Она теребила край лежащего на коленях полотенца и кусала губу, чтобы не заплакать. Воспоминания об отце причиняли боль, от которой невозможно было избавиться. Андрей отодвинул тарелку, подошел к Лене, обнял ее:
– Не надо, Ленок, что теперь-то… Он сам все решил, ты его не подталкивала.
– А чувствую себя так, как будто подтолкнула, – всхлипнула Лена. – И мама так считает, я в этом уверена. Она предупреждала меня: не копайся в прошлом, не вороши дело Хана. Может, мне надо было ее послушать, а? Все равно ничего не нашла, кроме отцовской фамилии…
– Лена, теперь уже нет смысла думать о том, что было бы. Ничего не изменишь. – Андрей поглаживал ее по плечам. – От тебя ничего не зависело.
– Я так не думаю.
– Тогда у тебя только один выход – найти тех, кто завалил Стрелкова и его дочь.

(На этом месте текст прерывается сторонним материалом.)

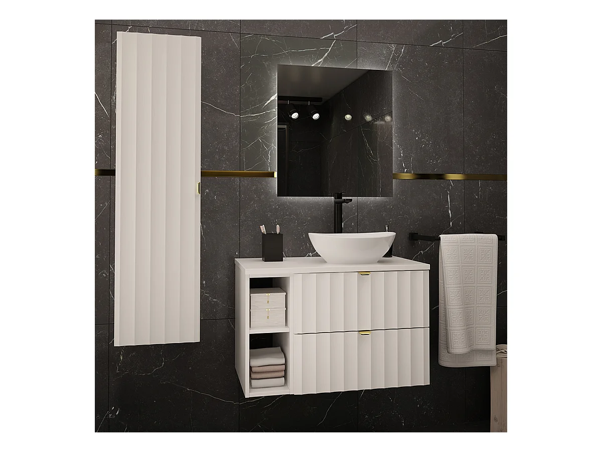 Ensemble meuble simple vasque 80cm 2 niches et colonne Lexa Blanc

– А она не дочь ему, – вытирая глаза, сказала Лена, и Паровозников от неожиданности открыл рот:
– Это как?
– Вот так. Жанна – дочь Хана, я в этом почти уверена, жду только подтверждения из ЗАГСа. Но мне интересно, как она стала Стрелковой? Он ее удочерил? На каком основании? Откуда он вообще появился? Ведь даже Шмелев в своих записках ни слова о нем не пишет. Я перестала понимать, что происходит.
– Может, попробуем послушать то, что наговорил Коротченко?
– Я только на эти записи и надеюсь, – призналась Лена. – Его память – гарантия того, что он не упустил ни одной мелочи из дневников Жанны.
Они перебрались в комнату. Андрей устроился в кресле, поставив на столик рядом с собой пепельницу, Лена забралась с ногами на кровать. Какое-то время оба молча смотрели на лежащий на краю стола диктофон, и ни один не решался нажать на кнопку.
Пауза затягивалась. Андрей закурил, вопросительно глядя на Лену, а она по-прежнему не могла протянуть руку и впустить в комнату голос Максима. Пришлось ему решительно взять диктофон и нажать на кнопку воспроизведения звука.
Пару минут ничего не происходило, только ложечка позвякивала о стекло, как будто кто-то размешивал сахар. Потом раздалось покашливание, и чуть свистящий, изменившийся до неузнаваемости голос Максима Коротченко обратился к ней:
«Елена Денисовна…» – Лена вздрогнула, испугавшись, Андрей тут же подался вперед:
– Не бойся, я же здесь. Это всего лишь запись.
«Елена Денисовна, – продолжал Максим, – я не могу больше держать это в себе. Вы должны понять меня и тот ужас, который я пережил, когда прочел дневники Жанны. Я понял, что именно вы искали. Я стал обладателем информации, которая нужна вам и совершенно не нужна была мне. Да, я обязан был отдать вам эти тетради, но не смог это сделать. Не смог нарушить данное Жанне обещание. Я сжег их, как она и просила, но как стереть из памяти то, что там было написано? Я хотел уехать, скрыться, чтобы не жить в том городе, где жила она. Думал, что так будет легче. А в последний момент испугался и остался. Ушел от матери и снял комнату. Мне было очень страшно оставаться наедине с моими мыслями, я старался больше бывать на людях. В тот вечер, когда вы меня задержали, я как раз стремился туда, где толпится много людей, где гремит музыка, – это помогало мне отвлечься и заглушить голос в голове. Этот голос принадлежал Жанне – она читала мне свои дневники».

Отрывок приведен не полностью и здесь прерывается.